No, theres kinda a funny property line that runs through there, Im sure its full now, The other guys that dump there were hauling like crazy tonight!


----------



## jhakarter

you guys got other spots to dump at around town or just hoping for no snow and warm weather for a lil while? lol.. Looks like lots of dump sites around the FM area are getting full. We dont haul much snow, so where were dumping at isnt to bad yet. but theres still plenty of winter left. haha.
Josh


----------



## NorthDakota

heres ours


----------



## blk90s13

where I sub this is where they dump the snow

http://vids.myspace.com/index.cfm?fuseaction=vids.individual&VideoID=8491061


----------



## riverwalkland

what kind of FEL is that? Also is that a power wagon (the pickup)


----------



## oldmankent

Could you guys build up ramps in the snow for more height and storage like in gravel pits? Or is the snow just too soft to do that with? I'd think a large excavator could also pile the snow alot higher.


----------



## jhakarter

Theres one const. company that I know of around town that uses a dozer to build up the piles in a big ramp, such as gravel pits or landfils etc.


----------



## imphillips

I thinkin snow melter? Where I live north of Phila. if we got that much snow people would be having heart attacks


----------



## lumps

Where I'm from, they used a full size blower to stack the snow at the snow dump. By the end of winter, it would generally be around 50' high I think. I'll try to get pics next time I'm there.

Edit: Found this pic of it online, showing the pile and a blower.


----------



## 4x4Farmer

what kind of blower is that? I want one!


----------



## lumps

It's great for driveways, haha.


----------



## 04superduty

4x4Farmer;748507 said:


> what kind of blower is that? I want one!


what ever it is is sure is ugly, but with a 6 ft wheel base its turning radius should be pretty small.


----------



## CityGuy

04superduty;748576 said:


> what ever it is is sure is ugly, but with a 6 ft wheel base its turning radius should be pretty small.


It looks to be cat yellow and as best i can tell it has an old cat emblem on the rear of it. Maby I am wrong.


----------



## 4x4Farmer

lumps;748518 said:


> It's great for driveways, haha.


Hey, if i had it im sure i would use it for that!!! we have skids, but we use our wheel loaders to driveways instead of them. Just cause we dont haul our skids and the drives are a ways away/



04superduty;748576 said:


> what ever it is is sure is ugly, but with a 6 ft wheel base its turning radius should be pretty small.
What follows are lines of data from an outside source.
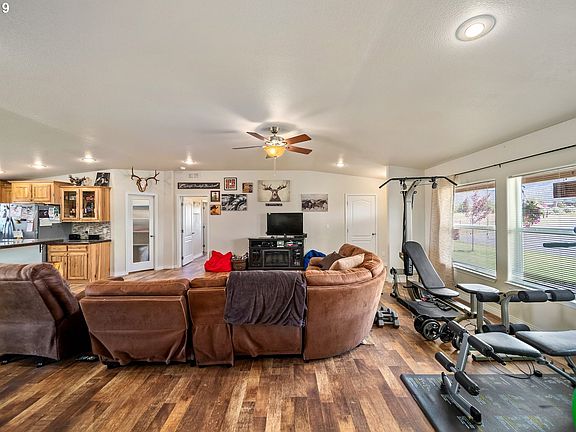 Beautiful newer triple wide with open great room, split floor plan and nice upgrades throughout.Kitchen has nice eat at breakfast bar and dining area has built in cabinets for plenty of additionalstorage or bar area, large back deck overlooks the 78 acres with half pivot and nice Cascade and SmithRock views. Detached garage is 2112 sq ft with separate shop area.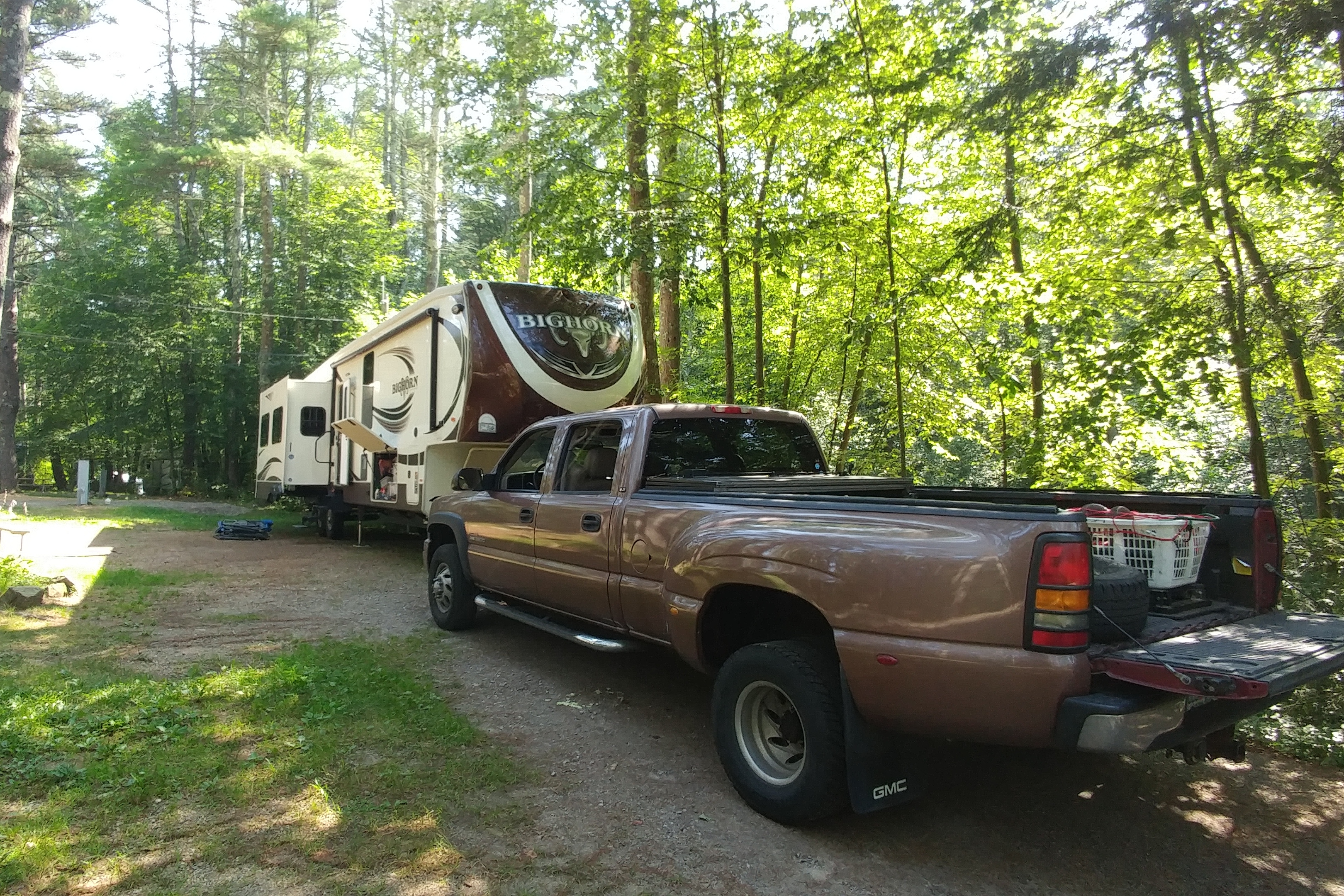 We loved our site. It wasn’t exactly level, which created some stability problems for us, but it was tolerable. The site had a wide expanse of green area on the right and woods on the left. Our only neighbors were a seasonal family below us to the left and occasional transient campers behind us. It was very private with plenty of parking space.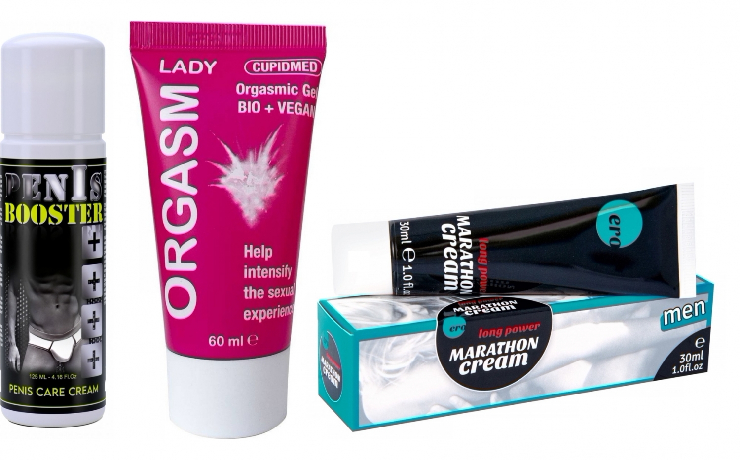 Cum se folosesc împreună: începeți cu o mângâiere blândă – utilizați gelul adresat prietenei pe zonele receptive pentru a activa impresiile de încălzire și furnicături care intensifică preludiul. Pentru el, folosiți crema Booster la frecție ușor pe mărimea penisului pentru a obține senzația de fermitate și volum; crema Marathon aplicată punctual premergător acțiunii susține la prelungirea performanței.

If its ugly that means it was built when they acually built stuff to last!!!! Ugly is good!!!


----------



## redstroker_2002

HEY!! y did you get out of the truck! that was a good ass song haha!!


----------



## Dunn4x4

2013/2014 snow dump on pei


----------



## cat10

This was a snow dump in Waltham ma this past winter


----------



## drivewaydoctor

lol here you go


----------



## Gr8WhiteNorth

Now that's funny


----------



## 4x4Farmer

huh...thread came back to life after 6 years. I don't think we have even came close to filling up our dump sites since 2009. Been pretty poor winters for snowfalls since then here in Fargo.


----------



## Cornerstone PM

drivewaydoctor;2054896 said:


> lol here you go


I get it !!!


----------